I have noticed a shift in my reading patterns has brought me back into *Crime Fiction!* recently – even before I announced becoming an influencer for the Crime Fiction Subscription Book Box which is focused on highlighting Canadian Crime Writers and Crime Fiction from around the world. This is a niche of literature I personally LOVE to be reading – from Contemporary Suspense & Thrillers to Cosy Historical Mysteries to dramatic Cosy Crime and police proceduals and amateur sleuths – there is something truly captivating about reading stories which invigorate your mind whilst your attempting to uncover the writer’s vision of how to tell a captivating suspense novel through their own lens of inspiration to leave you gripped inside a novel that might be hard to put down after its read.

From the moment I first read the premise of “Second Sister” – I just had this murmuring of interest as this was my first takeaway having read the synopsis:

It isn’t often I find a Thriller like this one which intrigues me to read the story. The author reminds me of what I enjoyed about reading J.S. Monroe’s “Forget My Name” and why I am dearly eager to read his new release “The Other You” – which I hosted an Author Q&A for earlier in January of this year.

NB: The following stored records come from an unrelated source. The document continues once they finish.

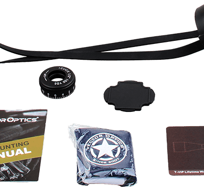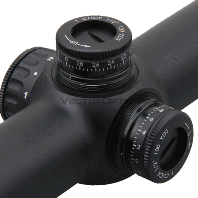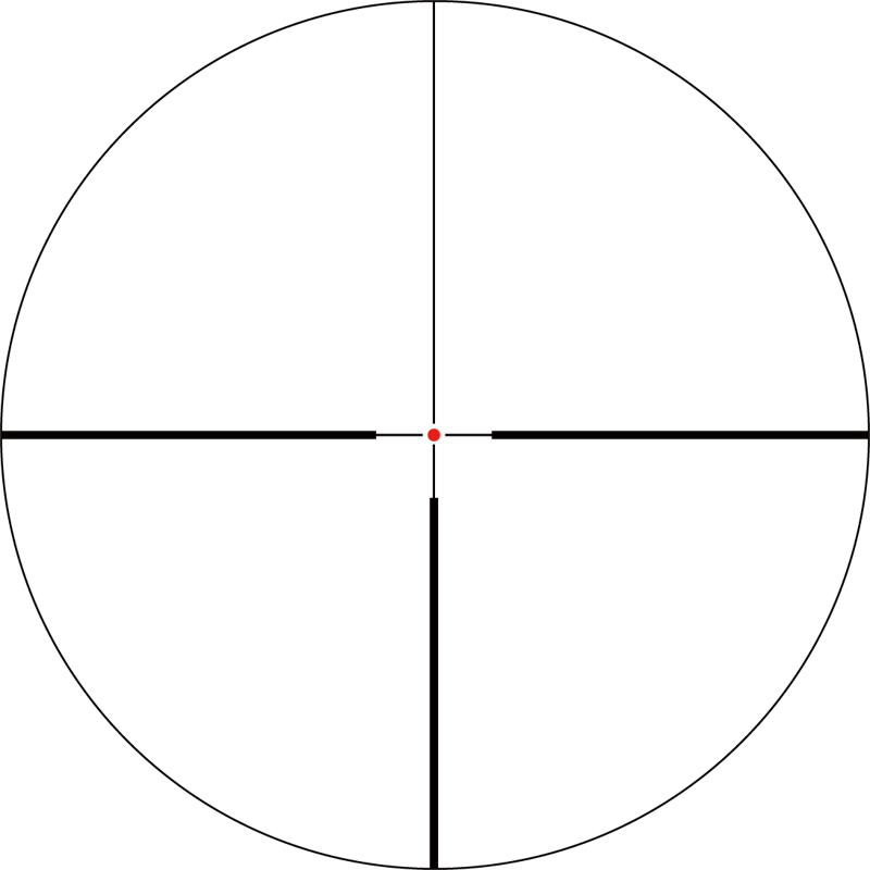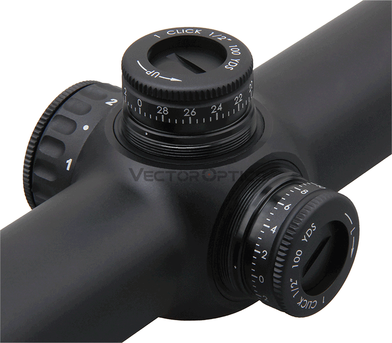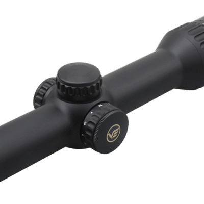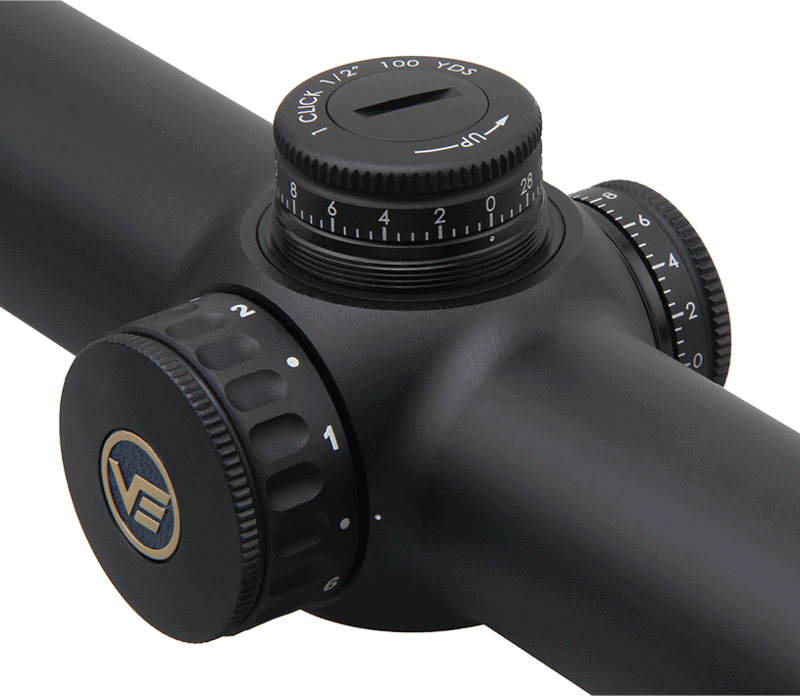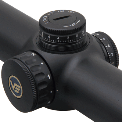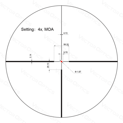 - VCO-7MIL SFP-retikel: Det etsade riktmedlet (VCO-7MIL) är placerat i det andra fokalplanet (SFP), vilket innebär att dess storlek förblir konstant oavsett zoominställning. Den belysta mittpunkten har 6 nivåer av röd belysning.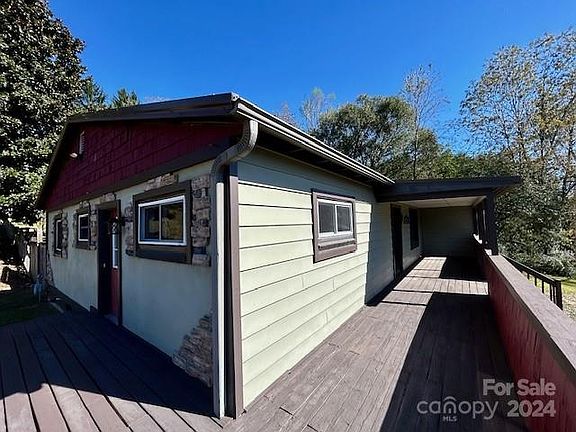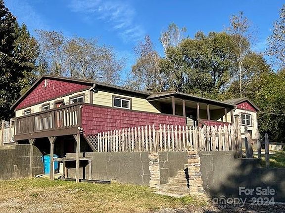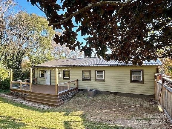 South Facing Mid Century Ranch home with Arts & Crafts touches in West Asheville outside the City Limits. The home sits on a .98 acre lot with fenced front yard and fenced rear yard. Features a metal roof, wrap deck with covered front porch and rear deck. Wood and tile flooring. Kitchen boasts granite countertops, island, dining area, stainless steel appliances, cherry stained cabinetry and tile backsplash. Living room has large picture window overlooking the covered front porch. Primary Bedroom Suite has 4 closets and an office/flex space that leads to the rear deck. Primary bathroom has double vanities, clawfoot tub and walk in tiled shower with window. 2 guest bedrooms. Laundry room has area for a sink and a full bathroom with tiled walk in shower. Unfinished walkout basement for storage. New septic tank.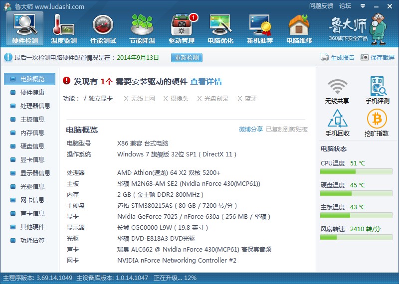 操作系统 Windows 7 旗舰版 32位 SP1 ( DirectX 11 )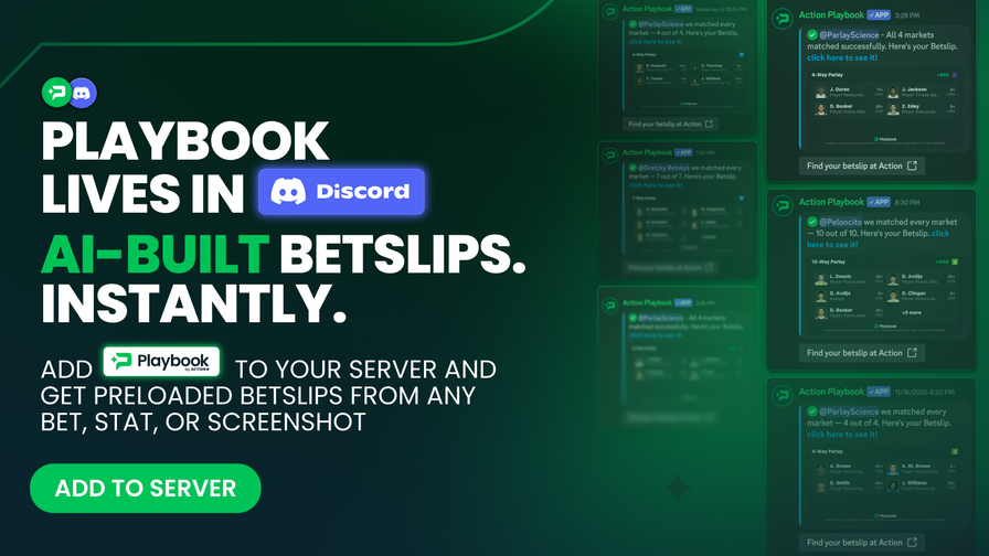 Manual bets are over. With Playbook, all you need to do is tag @ActionPlaybook in a message - whether you’re posting your own bet or replying under someone else’s - and in seconds, you’ll get a personalized bet slip link. Preloaded, one click away, and ready to place at the sportsbook of your choice.

It isn’t often I find Crime Fiction in translation – the first novel of I read of this nature was The Swimmer which happily took me by surprise and was a wicked good read. This is the other reason “Second Sister” appealled to me as a reader – not to mention the premise was a gutting one – how it effectively was about the lives and choices of two sisters and would take me to Hong Kong to hear their story. I’ll admit the tagline attached to this novel was quite alluring in its own right –  an Zeitgeisty Hacker Contemporary Thriller!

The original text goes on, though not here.